Перед войной жизнь полковника Доналдсона была подчинена задаче самоутверждения себя на Мэкери-стрит – самом престижном, но и самом капризном районе, выбранном медицинскими кругами Сиднея для достижения своих целей. Удачная операция с ценными бумагами в тысяча девятьсот тридцать седьмом году, когда весь мир напрягал усилия, чтобы выползти из Великой депрессии, позволила ему купить практику на Мэкери-стрит, и наконец-то на его счет в банке потекли крупные гонорары от самых известных клиник. Но тут Гитлер ввел свои войска в Польшу, и с этого момента все круто изменилось. И теперь Доналдсон со страхом думал: а вернется ли когда-нибудь жизнь в то прежнее, довоенное русло? Во всяком случае отсюда, с этой чертовой дыры, именуемой Базой номер пятнадцать, худшей из всех существующих дыр, это казалось маловероятным. Да и сам он вряд ли сможет стать тем, прежним.

Собственно, его положение в обществе оставалось блестящим, хотя во время Депрессии средства его семьи сильно распылились. К счастью, у него был брат – биржевой маклер, благодаря которому семья устояла в кризисной передряге. Как и Нейл Паркинсон, полковник говорил безо всякого австралийского акцента; закончил он Ньюингтон, затем университет в Сиднее, но вся его последующая медицинская практика проходила в Англии и Шотландии, где он окреп и встал на ноги как врач. И теперь он предпочитал думать о себе как об англичанине, а не как об австралийце. Не то чтобы он по-настоящему стыдился, что он австралиец, нет – просто англичанином быть лучше.

Но уж если кого он и ненавидел от души, так это женщину, с которой ему предстояло встретиться. Сестра Онор Лэнгтри. Паршивая задавака, еще и тридцати нет, скорее всего; профессиональная медсестра, скажите на милость. Армейской выучки у нее нет, хоть она и была в армии с сорокового года. Не поймешь, что за баба; говорить умеет, и видно, что с образованием и с манерами, да и училась она в хорошей клинике – одной из лучших, где готовят сестер. А вот отдраить бы ее не мешало – не хватает ей чувства изящной почтительности, потому что не знает своего места. Собственно, будь полковник Доналдсон до конца честен с самим собой, он бы признал, что попросту боится ее до смерти. Каждый раз, готовясь встретиться с ней, ему приходилось собираться с духом, да что толку? Ей все равно удавалось накрутить его так, что он потом несколько часов не мог прийти в себя.

Даже занавеска из пивных крышечек раздражала его. Уж где-где, но только не в отделении «Икс» висеть такой штуке. Но старшая сестра, какая бы невоспитанная дубина она ни была, в этом отделении ходила на цыпочках. Это случилось в самом начале, когда отделение «Икс» только заселили. Когда старшая в очередной раз выступала перед сестрой Лэнгтри и одному из больных наконец надоело слушать ее нападки, он управился с ней потрясающе простым и действенным способом: неожиданно протянул руку и разодрал ей форму сверху донизу. Ясно, что субъект был безумный как мартовский заяц, и его немедленно отправили на континент, но с тех пор старшая была тише воды, ниже травы, и не дай бог чем обидеть больных из отделения «Икс»…

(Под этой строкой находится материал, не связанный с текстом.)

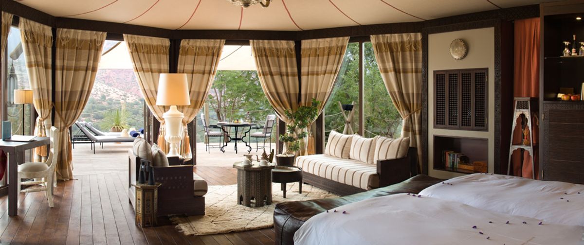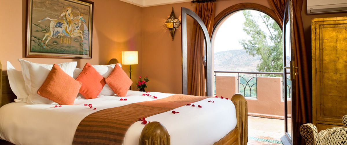 There are 28 bedrooms and suites including ten luxury Berber Tents, some of which have private plunge pools. All are individually decorated using traditional Moroccan furnishings and antiques, as well as items from the vast collection of Luciano Tempo, Kasbah Tamadot's former owner. As a renowned antiques dealer and interior designer, Luciano brought together artefacts from all over the world, many of which feature in the bedrooms. Each room has a uniquely descriptive Berber name which tells you something about it.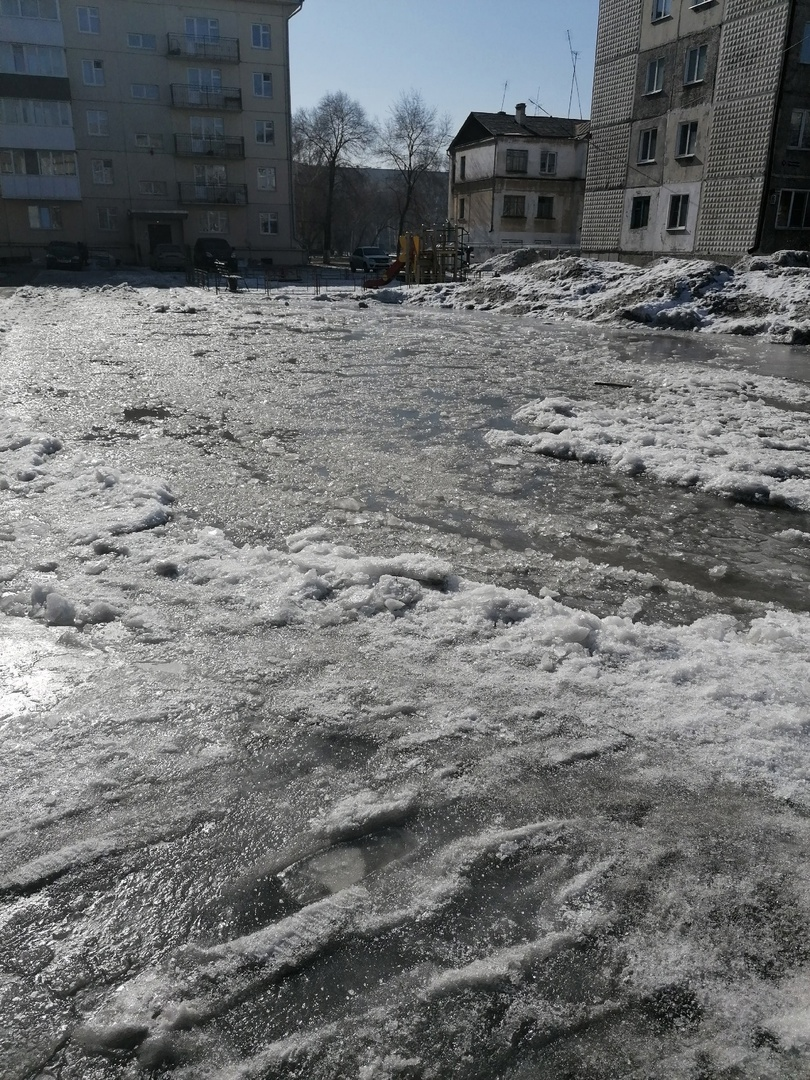 Из управы прислали трактор, он прогрёб от лужи канаву - затопило весь двор и начало заливать подъезды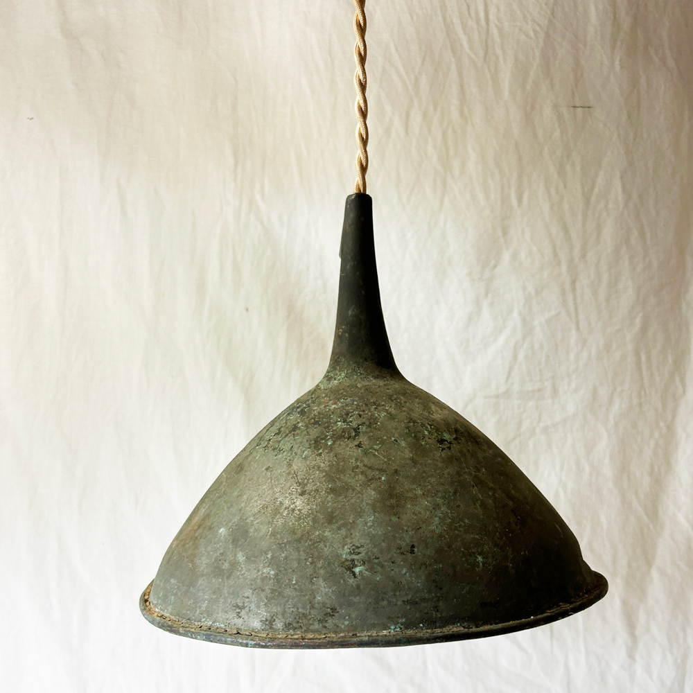 MAREBITO【創作】ランプ。古い漏斗を傘にしたランプ。その他、真鍮仏具を再利用したものや漆を塗る前の木なりのお椀をリメイクしたもの、多数お披露目します。
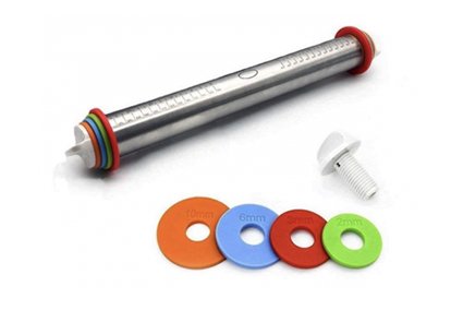 Palo de amasar de ACERO INOXIDABLE, con aros para regular espesor de amasado

Лампочка, висевшая в коридоре, осветила высокую фигуру полковника Уоллеса Доналдсона, щеголеватого человека лет пятидесяти, с лицом, будто покрытым тифозной сыпью, как это обычно бывает у любителей спиртного. Над верхней губой у него топорщились аккуратно подстриженные усы военного образца, в то время как щеки и подбородок были тщательно выбриты. Он снял кепку, и в том месте, где край ее врезался в череп, на слипшихся седых волосах образовалась круговая вмятина, потому что они давно уже потеряли свою густоту и жесткость. Глаза его были выцветшего голубого оттенка и слегка навыкате, но чувствовалось, что когда-то полковник был красивым мужчиной, к тому же он сохранил хорошую фигуру, плечи его были по-прежнему широкими, а живот почти плоским. В безупречно сшитом костюме строгого покроя он выглядел весьма внушительно, теперь же в столь же безупречно сшитой форме он был похож на маршала в большей степени, чем сами маршалы.